Observation

Sometimes, I designed a very complex workflow to finish a task. Each component, esp the one with LLM will have very niche and vertical functionality. Eventually, I found out instead of leveraging the big workflow, directly letting LLM work on the task might sometimes generate better answer. With more limitations or constraints (due to that you don’t trust LLM), you are lowering the generalization capacity of LLMs.

The key thing is that we need to balance the LLM’s generalization and controllability. We can rely on one prompt to LLM to produce the outcome instead of complex agentic workflow, but we will take its disadvantages that tons of operations with the same prompt might generate slightly or even largely different results. On the other hand, with complex workflow, we can guarantee each execution on the same context will produce the similar outcome but leave no room for novelty.
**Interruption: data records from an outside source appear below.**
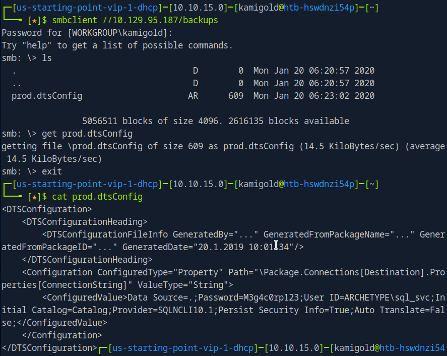 Connected to that interesting share, downloaded the file we found in that share and read it.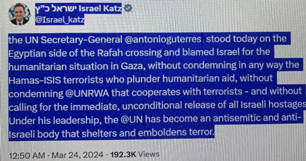 Israel’s Foreign Minister Katz outed Guterres and the United Nations on 24 March 2024: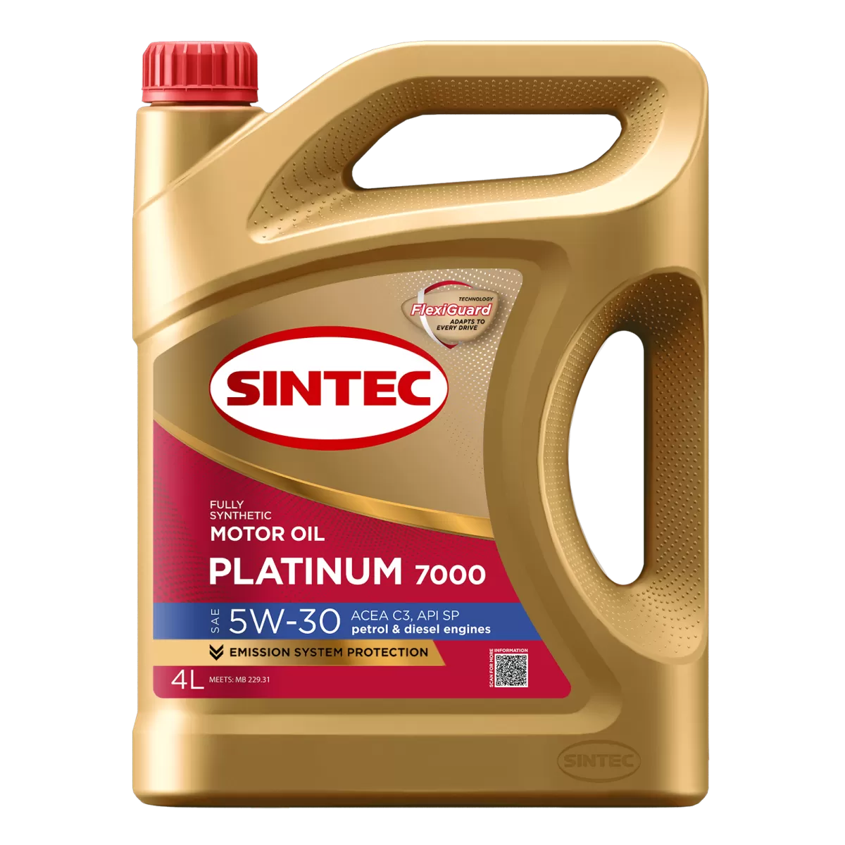 Синтетическое моторное масло Sintec Platinum 7000 5W-30 C3 SP соответствует современным требованиям европейских производителей. Произведено с использованием фирменной технологии FlexiGuard.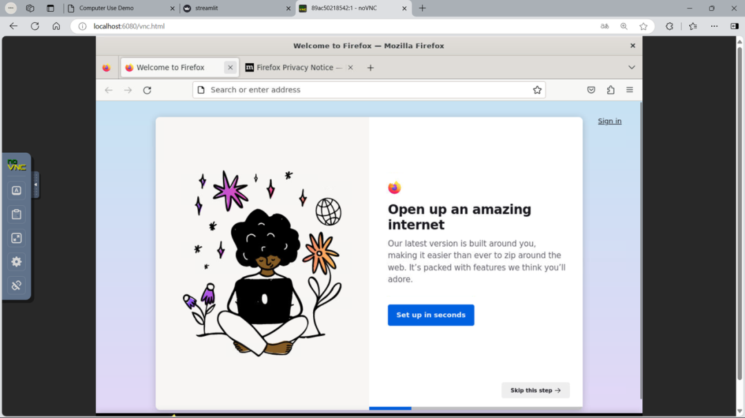 因为目前Computer use 还处于实验阶段,考虑到安全性问题,官方的demo示例是专门为 Linux 系统设计的,暂时不适用于 Windows。根据官方文档,首先拉取并运行Docker容器: exportANTHROPIC_API_KEY=%your_api_key%dockerrun\-eANTHROPIC_API_KEY=$ANTHROPIC_API_KEY\-v$HOME/.anthropic:/home/computeruse/.anthropic\-p5900:5900\-p8501:8501\-p6080:6080\-p8080:8080\-itghcr.io/anthropics/anthropic-quickstarts:computer-use-demo-latest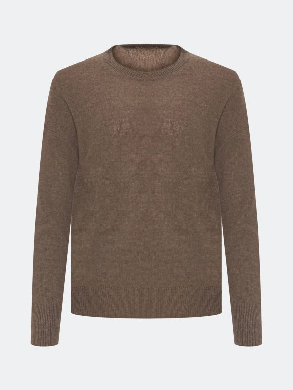 Уютный джемпер из 100% кашемира. Прямой силуэт. Круглый вырез. Спущенная линия плеч. Риб по горловине, низу рукавов и изделия.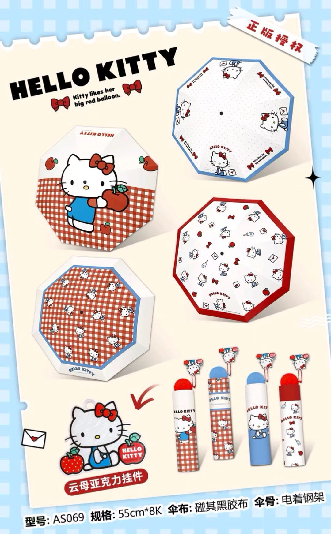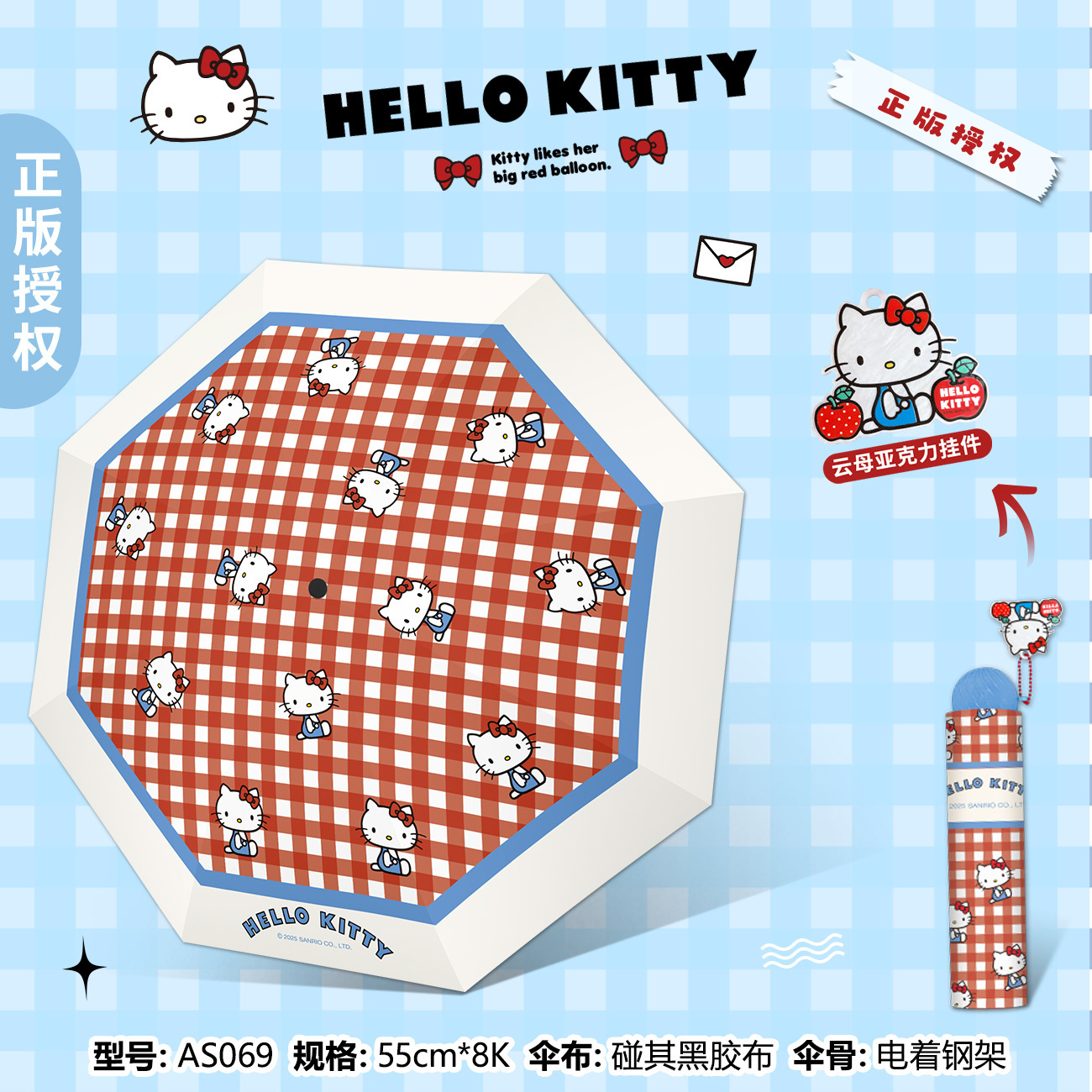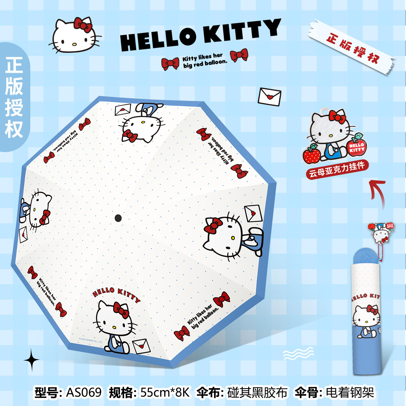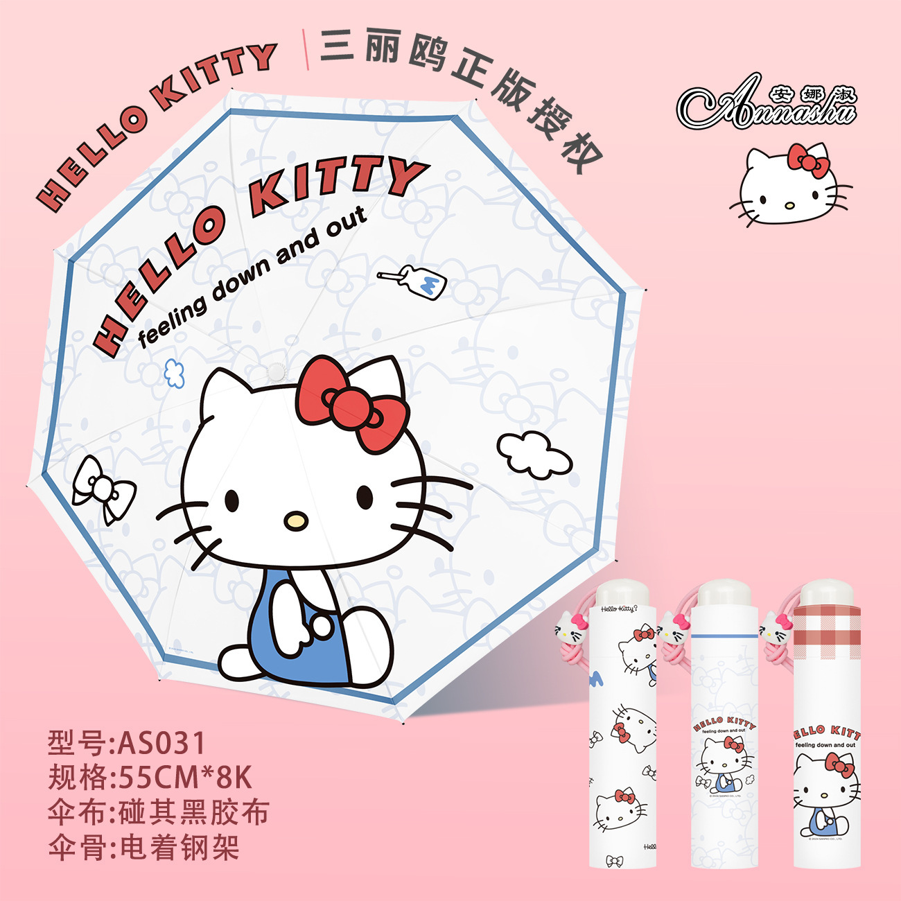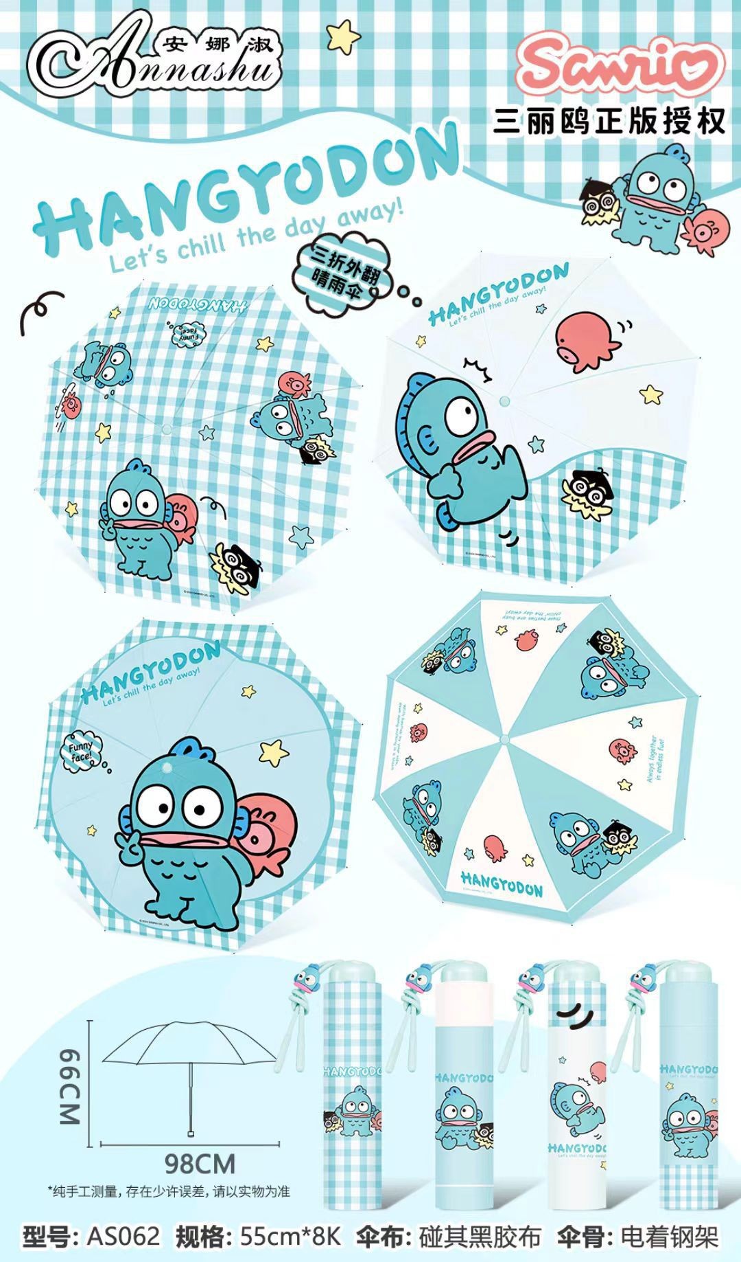 정품 산리오 우산 검은 고무 햇살 우산 맑고 비오는 이중 용도 선 스크린 및 UV 보호 휴대용 만화 3 배 우산스토어 가기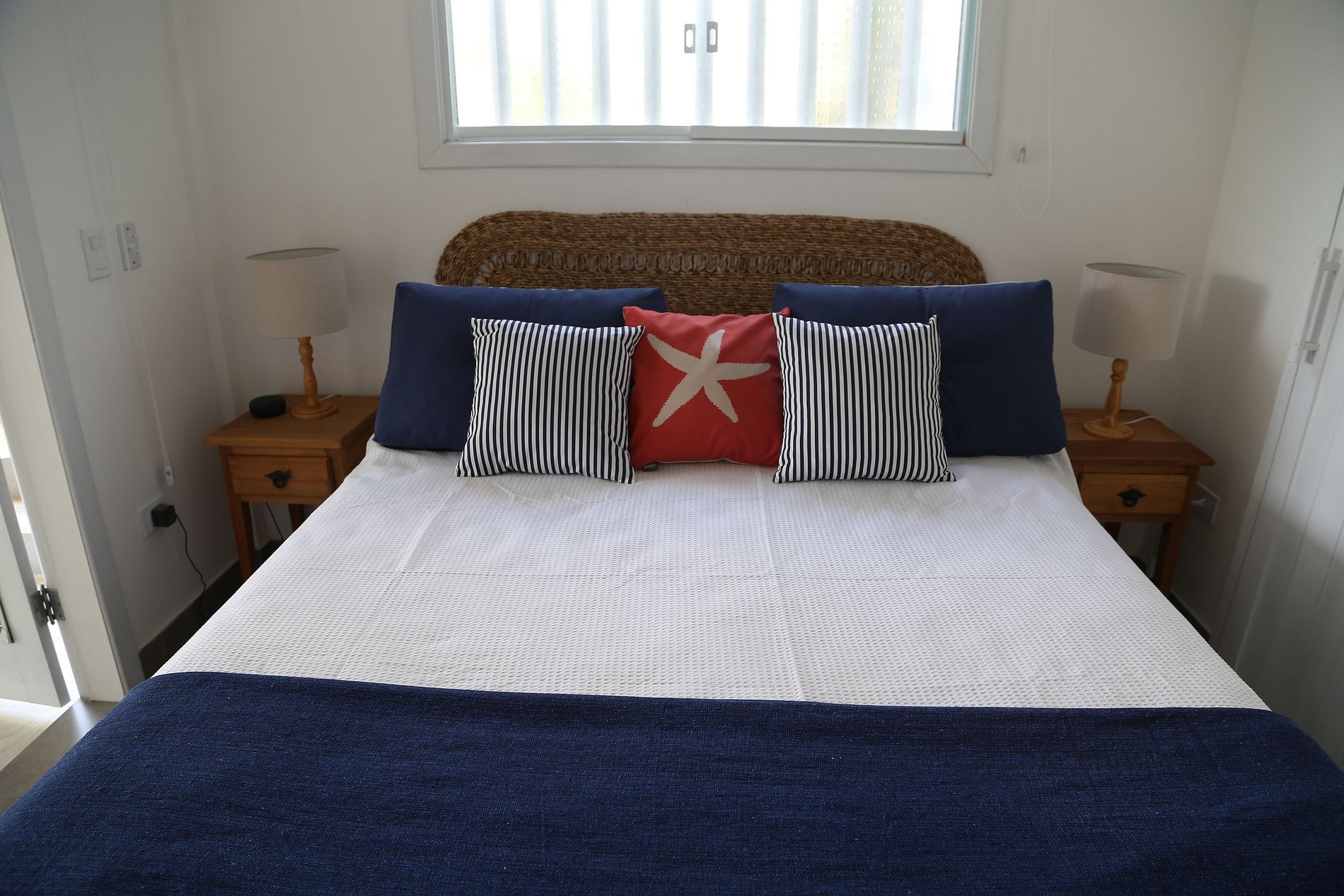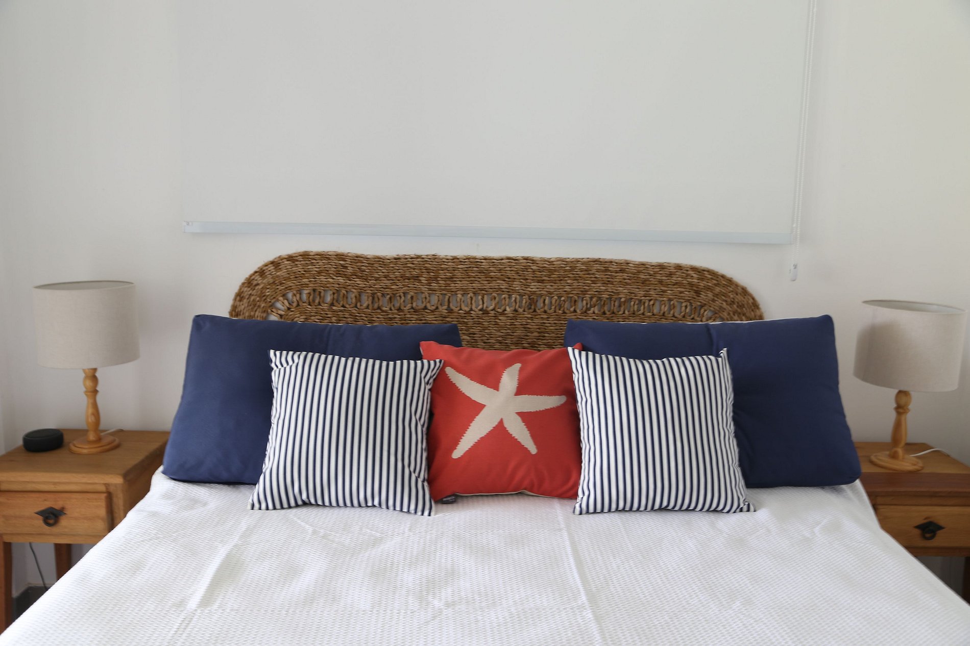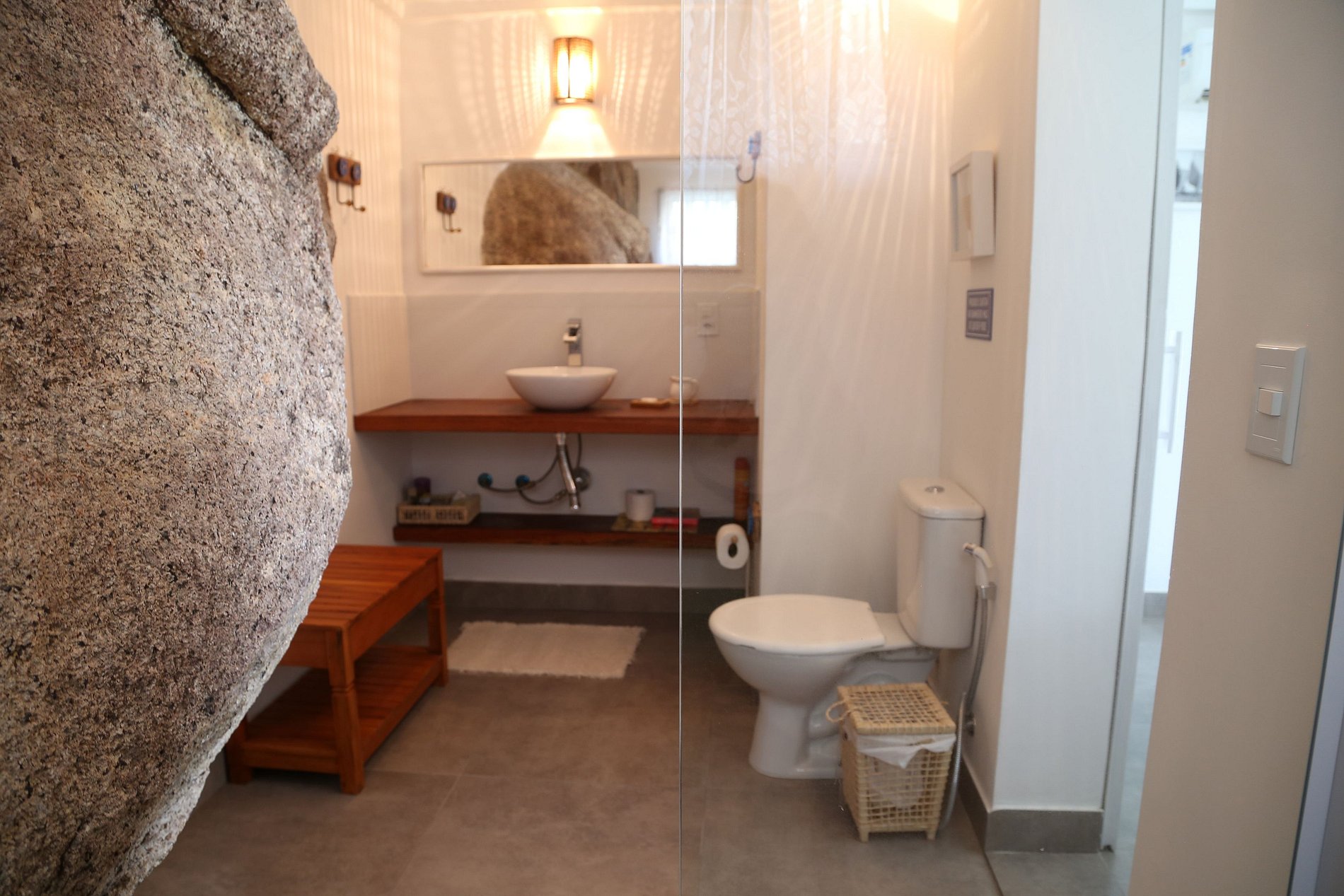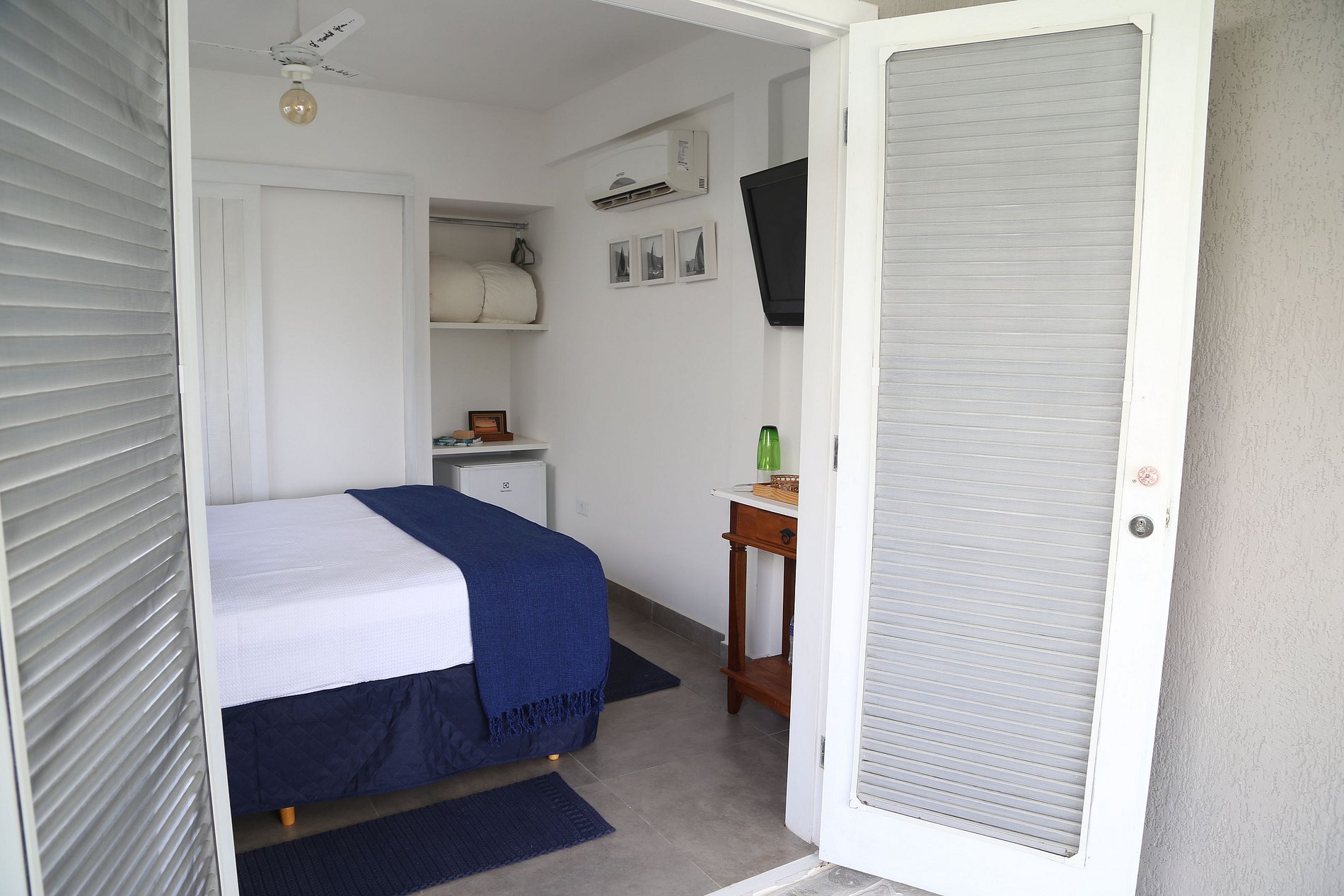 Suíte 2 (térrea) - 1 cama de casal queen, armário aberto, frigobar e Smart TV;

Think generalization as creativity, and view controllability as governance.

Hybrid approach

I can think of a potential hybrid approach to address the balancing problem.

For cases that we understood (having a bunch of know-hows) pretty well, we design the workflow, so that we can:

Have more control, less room for creativity.
Reason for good and bad handling cases.

For cases that remains unknown or we don’t understand that much, we hand it over to LLM, so that we can:

Handle more cases, less chance for system errors.
Fully leverage the generalization of LLM to handle unknown cases.

Pre-condition: the cases unknown to us is known to the training dataset of LLM (I believe the generalization of LLMs comes from that the similar cases are presented in the training data sets, or prompts); otherwise, we kind of roll the dice to pray for a good response.